(Agence Ecofin) - Directeur général d’Intersec, une entreprise française spécialisée dans la fabrication des logiciels pour opérateurs téléphoniques, Yann Chevalier (photo) explique les grands enjeux et les défis du Big Data en Afrique.
Lorsqu’on sait que le volume de production des données sur le continent africain reste relativement bas comparé aux autres endroits du monde, quels objectifs pertinents peut-on poursuivre à y exploiter le Big Data, la quête de positionnement ou alors une optimisation au plan décisionnel ?
Yann Chevalier : Au contraire, le volume de données transitant sur les réseaux des opérateurs africains est tout aussi important et valorisable que chez leurs homologues occidentaux ou asiatiques ! L’exploitation de ces données permet effectivement de lancer des services très innovants tels que la publicité mobile géolocalisée, le marketing contextuel et individualisé, le M-Education ou encore le M-Health. Mais également d’armer les équipes de direction pour la définition de leurs plans stratégiques et opérationnels en se basant sur des faits vérifiables, et en accédant à des données en temps réel.
En termes de défis quels sont ceux auxquels on peut être amené à faire face lorsqu'on est sur le marché africain ?
YC : Le marché africain est l’un des plus innovants. Les télécoms ont une place centrale dans les économies nationales et la concurrence est telle que les opérateurs doivent multiplier les investissements en infrastructure réseau afin de couvrir la totalité des territoires, tout en répondant à des besoins grandissant en capacités d’échange de messages. Notre défi majeur est de défendre que la performance technique va de pair avec la pertinence de l’offre marketing, dans une optimisation totale des tâches afin de permettre aux équipes de l’opérateur de se concentrer sur l’essentiel : la bonne offre, au bon client, au bon moment, mais aussi au bon endroit.

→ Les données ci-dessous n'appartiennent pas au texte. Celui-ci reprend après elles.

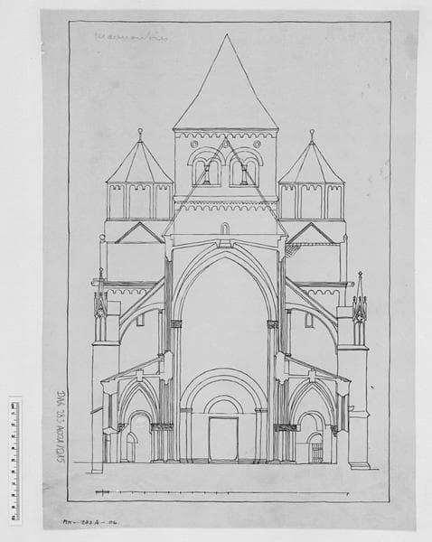 Coupe transversale sud-nord sur la nef.
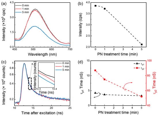 图2. 室温下,β-Ga2O3在不同PN时间下的(a)光致发光光谱和(b)峰值强度。在不同PN处理时间下,β-Ga2O3的(c) PL衰减剖面(在501 nm处)和(d)时间常数。箭头表示每个轴。
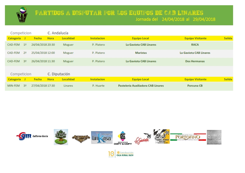 Jornada que viene marcada fundamentalmente por la participación de nuestro equipo cadete femenino La Gaviota CAB Linares en el Campeonato de Andalucía de la categoría que se está disputando en las localidades onubenses de Mazagón y Moguer. A la hora de publicación de este artículo ya han vencido en las dos primeras jornadas y están clasificadas para la eliminatoria de cuartos de final que se disputará el viernes por la mañana.
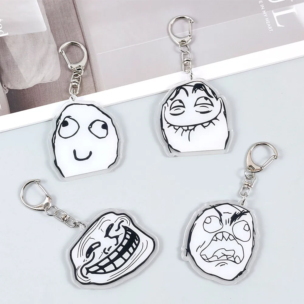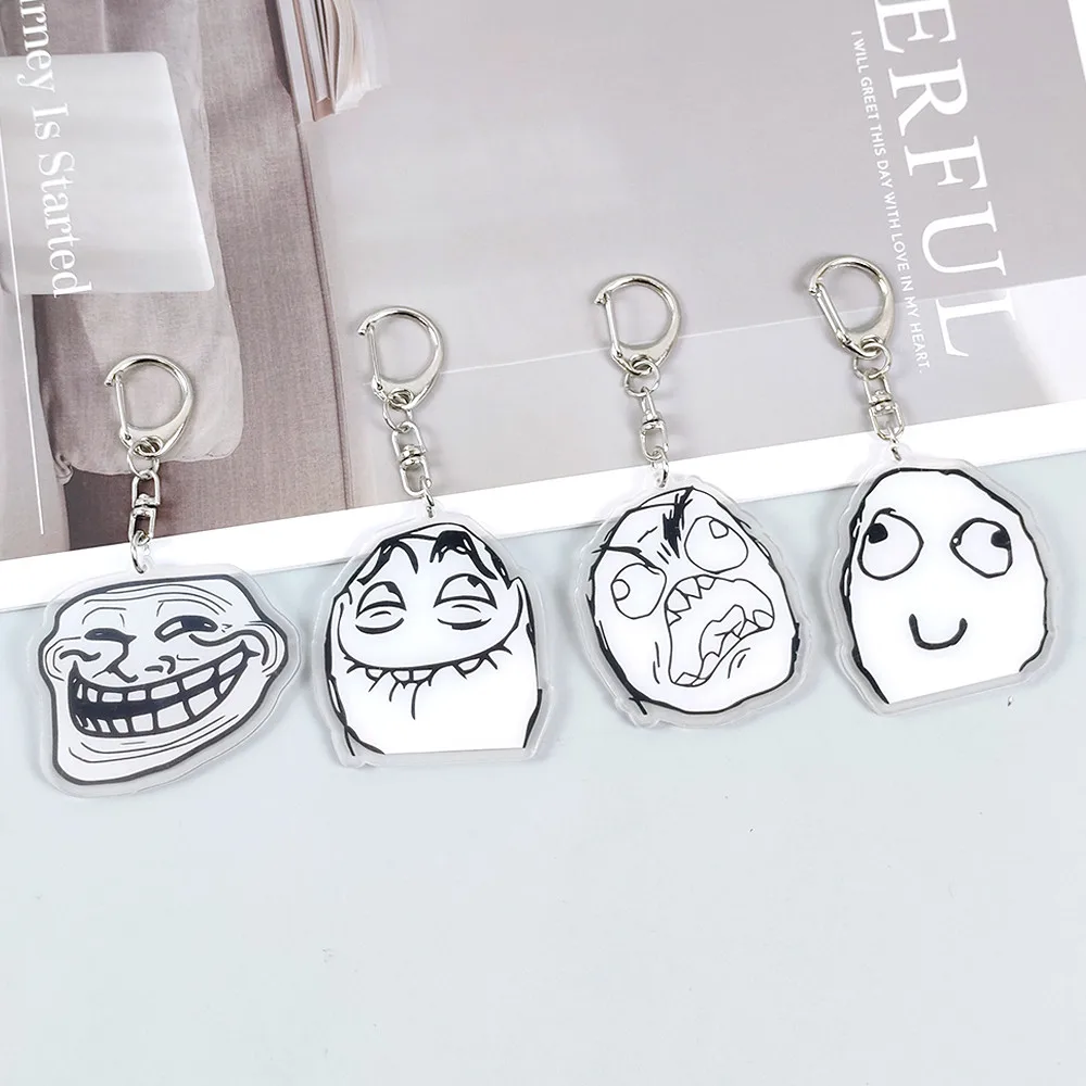 Creative Troll Face Keychains No Me Gusta Rage Forever Alone Acrylic Pendant Key Chain Backpack Car Ornament Comic Fans Gift

Quels sont selon vous les secteurs qui immédiatement peuvent être demandeurs des services relatifs au Big Data, notamment au sein des administrations publiques ?
YC : La valorisation du patrimoine Data des opérateurs télécoms auprès d’acteurs tiers est un sujet qui nous tient à cœur et sur lequel nous travaillons depuis 2009. Quand on considère les taux de pénétration du mobile, qui reste allumé dans la poche de son propriétaire en moyenne 16 heures par jour, les opérateurs ont la capacité exclusive de réaliser en temps réel des études de densité à l’échelle globale, ou de proposer aux annonceurs des services de publicité géolocalisée. SFR a lancé cette activité et le succès est fulgurant : que ce soit au travers de sa régie publicitaire ou au travers de la monétisation de sa Big Data. Le carnet de commande est plein : distributeurs souhaitant définir la localisation d’un nouveau point de vente, agence de transport public souhaitant optimiser la gestion des flux de passagers, gouvernement désireux de pouvoir alerter la population en cas de catastrophe naturelle…
Sur un plan purement prospectif, comment se dessine le futur du marché du Big Data en Afrique ?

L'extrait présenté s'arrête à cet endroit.